Based on the file format given by the user,
if any file is not existed for a particular date with in a given interval we should consider that file is missing.

I have the below files in the directory /bin/daily/voda_files.

asr_spir_2017-05-10-150325_2017-05-10-112227_2017-05-13-112227.txt
adb_voda_2017-05-11-150325_2017-05-10-112227_2017-05-13-112227.txt
adb_voda_2017-05-14-150325_2017-05-11-112227_2017-05-10-112227.txt
adb_voda_2017-05-12-150325_2017-05-12-112227_2017-05-11-112227
adb_voda_2017-05-16_2017-04-30_2017-05-01.txt
adb_voda_20170510.txt
adb_voda_2017-05-10.txt
2017-05-11
2017-05-10.txt
2017-05-12

If user entered

file_format=xxx_xxxx_YYYY-MM-DD-HHIISS_?????????????????_?????????????????.txt
prog_name="abd_voda_"
interval=10 (from current date -1 to 10 days back It should be from 2017-05-08 to 2017-05-17)

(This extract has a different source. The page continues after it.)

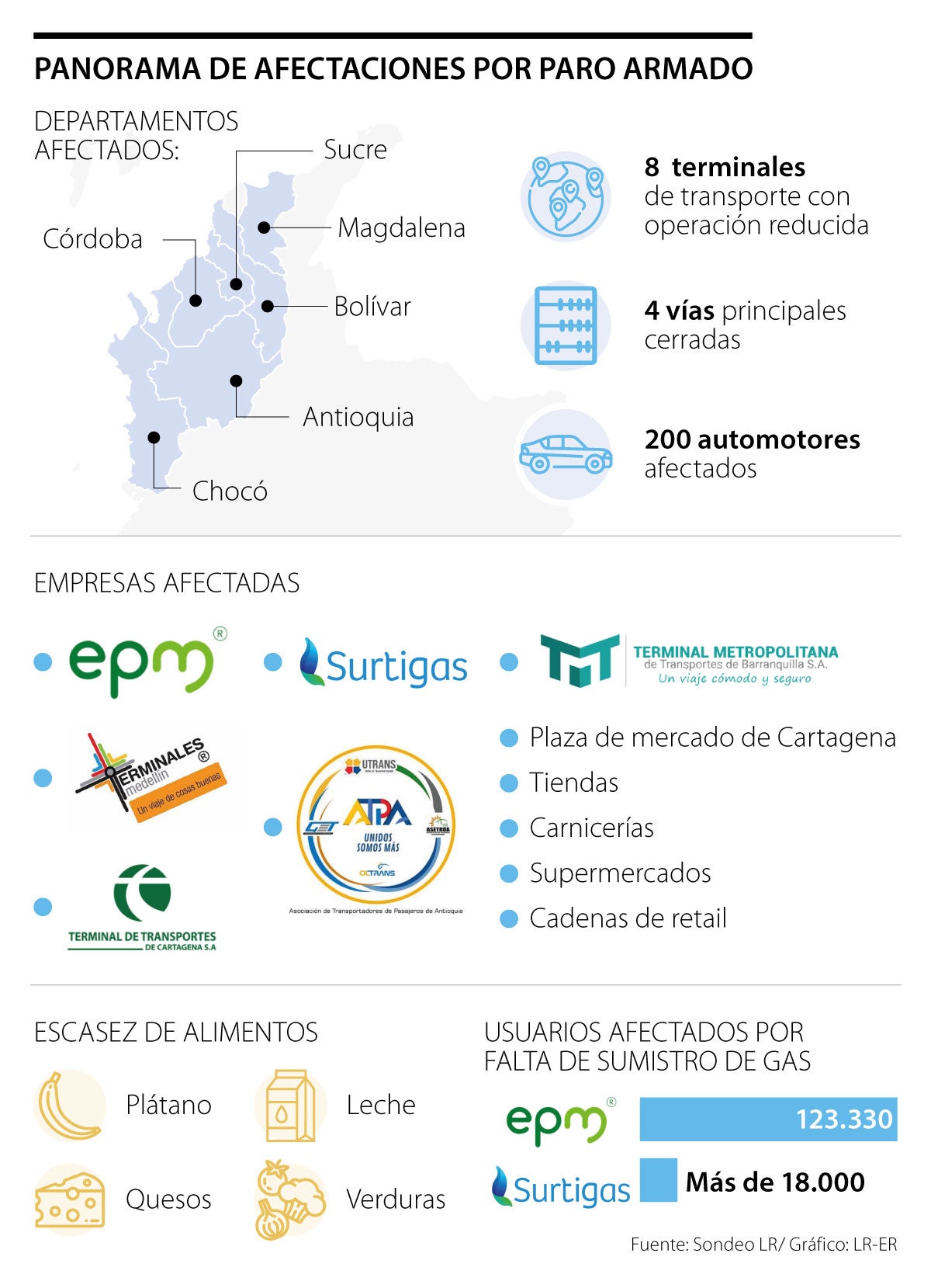 En el sector transporte la situación se ha tornado dramática. La movilización de carga y pasajeros ha estado restringida en las terminales de los municipios donde este grupo ha realizado hostigamientos. Según datos del Ministerio de Defensa, hay ocho terminales de transporte con operación reducida, cuatro vías principales cerradas y 200 automotores afectados.

In this case it should consider the first date in the file.
The missing files output should be

adb_voda_2017-05-08
adb_voda_2017-05-09
adb_voda_2017-05-10
adb_voda_2017-05-12
adb_voda_2017-05-13
adb_voda_2017-05-15
adb_voda_2017-05-16
adb_voda_2017-05-17

If user entered

file_format=xxx_xxxx_?????????????????_?????????????????_YYYY-MM-DD-HHIISS.txt
prog_name="abd_voda_"
interval=10 (from current date -1 to 10 days back It should be from 2017-05-08 to 2017-05-17)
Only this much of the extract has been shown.